The giant honey bees took the opposite route. The size of the worker bees increased resulting in an increase of defensiveness. Together with the increase in size, the length of the sting increased and defending guards of Apis dorsata have no difficulties penetrating dense beekeeping clothing with their long stings to reach to our skin. We take this as excellent proof of the extreme stinging efficiency of these bees. Also the size of the worker bee mandibles increased and became stronger and more powerful. Regularly we have found decapitated weaver ants and other heavily mutilated insects when we have examined the debris below Apis dorsata colonies. The increased strength of the single worker bee surely contributes to the success of Apis dorsata defence techniques. The main feature and the overwhelming power of defence, however, results from the highly effective communication between the guard bees.

Research into Apis dorsata inevitably leads to experiencing the sting of its guard bees and we were surprised that the sting – though considerably larger than the sting of Apis dorsata – is usually no more painful. Many of our colleagues share this impression too. But the vast difference compared to many other honey bee species is the large number of defending bees. Even a good quality bee veil does not help because of the sheer number of bees, biting and buzzing on the screen of the veil, blocking your sight and causing danger amidst the dense vegetation of a forest. How do the guard bees manage to be there in such immense numbers?

Alarmed

Any alarmed guard bee will immediately fly back to the nest and perform an alarm run. With an exposed sting this bee will zig zag on the ‘curtain’ resulting in its sudden dissolving. With a few hissing sounds the bees will run to the lower rim of the comb and build large thin chains.

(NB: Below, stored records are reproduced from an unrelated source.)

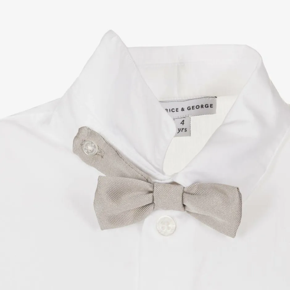 Exclusive to Childrensalon, a gorgeous special occasion suit for boys by British heritage brand Beatrice & George. Made in lustrous, soft bronze satin twill, the slightly fitted jacket has useful front pockets, a faux chest pocket and covered button fastenings. For comfort, it is lined in cotton and styled with a back vent for ease of movement. The matching trousers have slanted front pockets, an adjustable waistband for an ideal fit and a partial satin lining. A white cotton shirt completes the look, with a button-fastening, satin bow tie for a smart finish.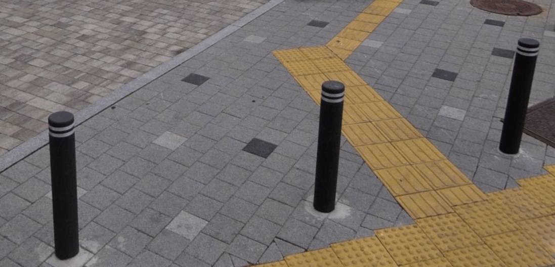 주변에서 자주 보는 석재, 스테인리스 등 충격을 흡수하지 못하는 부적합한 재질의 볼라드는 불법시설물이며, 설치되는 볼라드 30㎝ 앞에는 시각장애인이 인식할 수 있도록 점자형 블록을 설치하여야 합니다.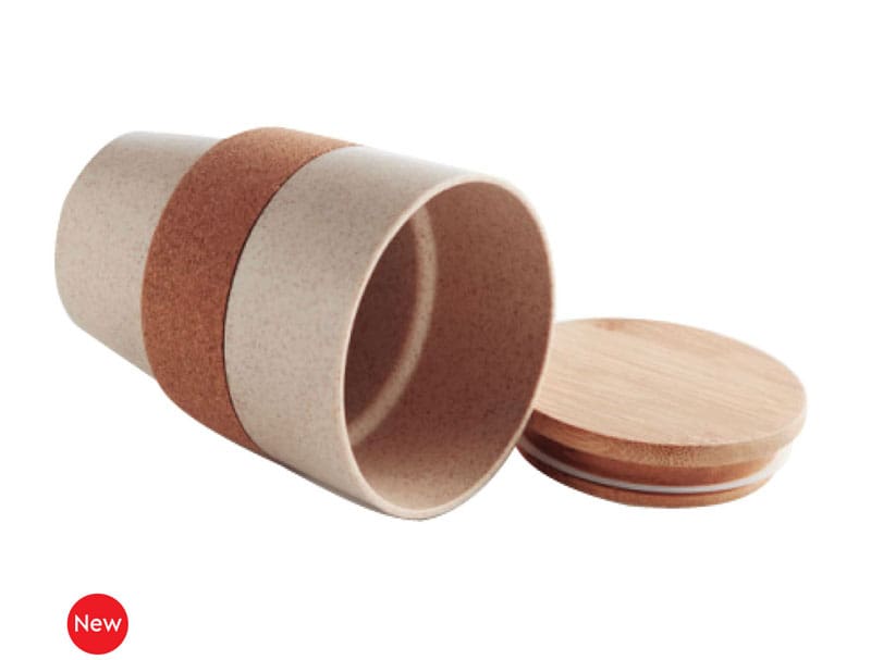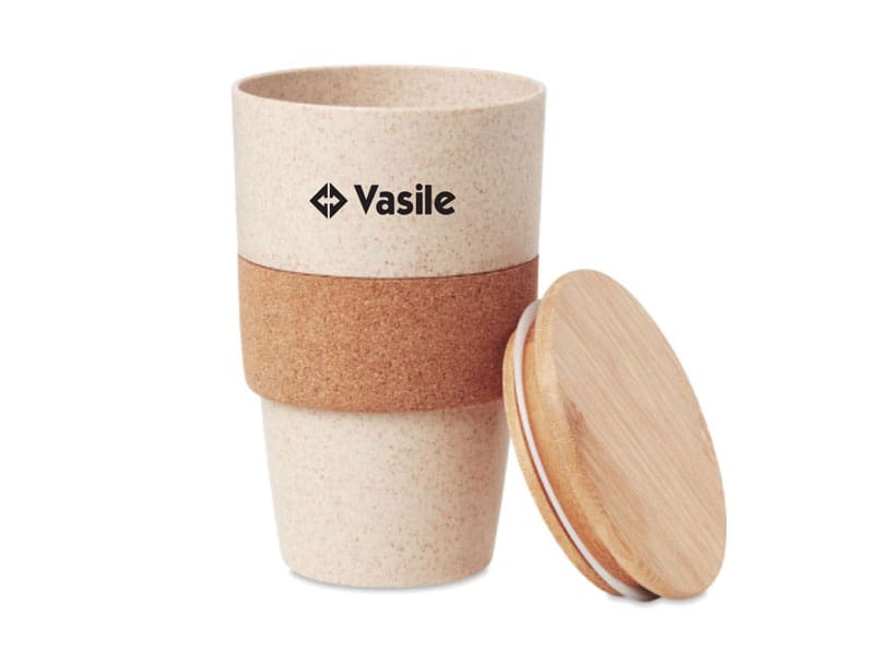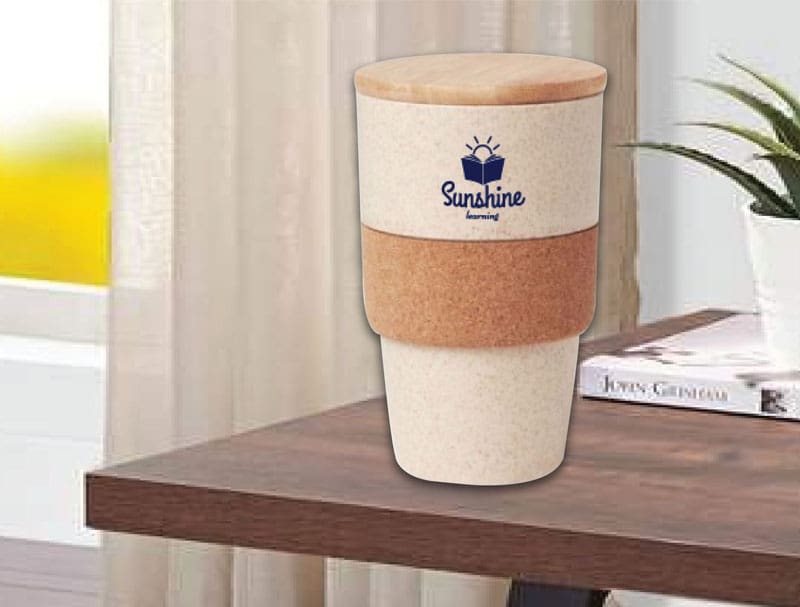 The Coffee mug crafted with wheat straw fibers, bamboo lid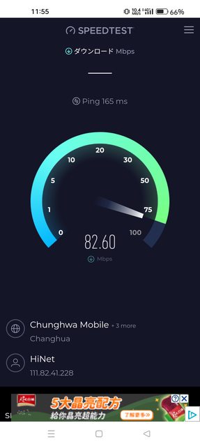 但是網速測出來還是有80Mbps以上(4CA)
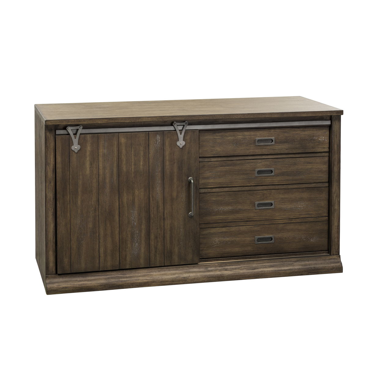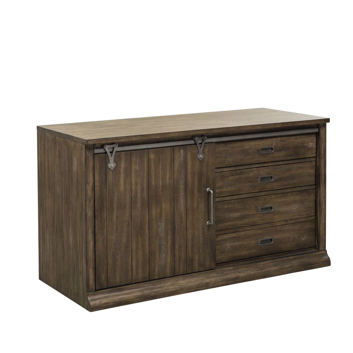 Create a look all your own with Stone Brook Home Office. Mixed materials of the concrete with the saddle finish give Stone Brook a modern rustic feel. A unique desk and credenza/Hutch combination can satisfy your work habits as well as reflect your style

These clusters all fall down at the same time and the bees will start their stinging flights just before they reach the ground. However it is not just a single colony which will respond this way. Normally many nearby colonies will join the alarm and in case of a heavier attack, there will be over 10,000 guard bees involved.

Now, smelling the alarm pheromones which evaporate from stings anchored in our skin or in our protective suits, guard bees will concentrate and focus in large numbers on us or any other stung intruder. This naturally leads to a fast retreat but without much effect. Defending guard bees will follow over great distances and for many hours. The chemical analysis of Apis dorsata’s alarm pheromones gave the answer to this surprising fact. Different from Apis mellifera, Apis dorsata bees possess a longer, more effective component which enables the bees to pursue a stung enemy over several hours.

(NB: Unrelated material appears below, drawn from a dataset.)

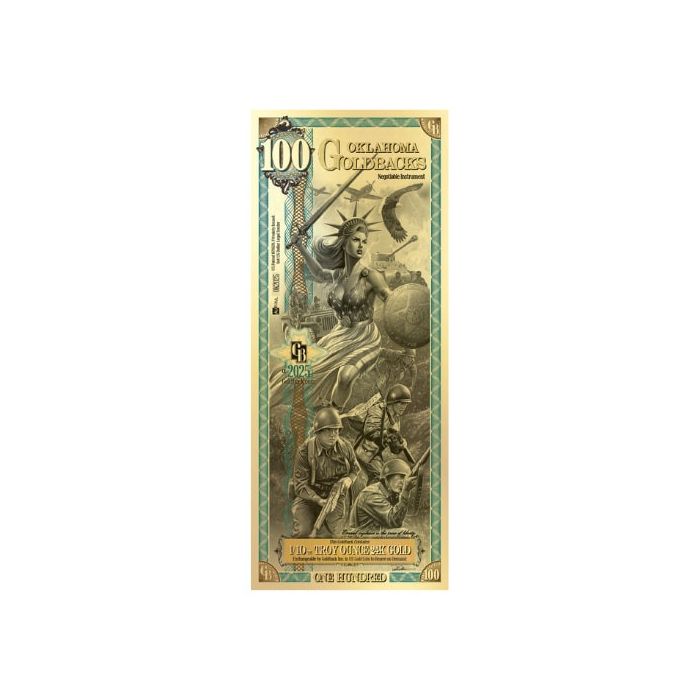 The Oklahoma 100 Goldback Note is the highest denomination in the state’s series and contains 1/10th troy ounce of 24-karat gold. This stunning note honors the virtue Libertas, or Liberty, and pays tribute to Oklahoma’s courageous role in defending freedom, particularly through the legacy of the 45th Infantry Division during World War II.

Here we add a personal experience from Sri Lanka. We were staying in a nice guest house and were awoken by people shouting in pain in the early morning. We saw Apis dorsata guard bees flying against our windows and a stung guest complained about the “nasty wasps”. We did not say anything, but swiftly dressed and collected our bee suits with stings from the previous day that we had left in the garden and which were being targeted by the defending bees. This had released the colony defence. Thirty minutes later the colonies on a bee tree nearby calmed down and the hazard was over.

At ease

But many people in Asia who are passing near Apis dorsata colonies will not agree that these giant honey bees belong to the most dangerous animals of Asia, as the renowned bee researcher the late Professor Roger Morse of Cornell University has written. In the middle of several cities, at water towers and many Dagobas and Minarets are colonies of Apis dorsata and these bees’ behaviour is drastically different.

They do not react to people, traffic or to the large crowds worshipping nearby. One reason for this striking difference results from the migratory behaviour of Apis dorsata. When a swarm settles at a location the bees need a few days to explore their surroundings or territory. During these first days, the orientation phase, the bees learn and experience what is ‘normal’ at this place. Normal circumstances are not perceived as a threat to the colony, and as a consequence do not release defence. This was our idea when we started to explore these bees a little further.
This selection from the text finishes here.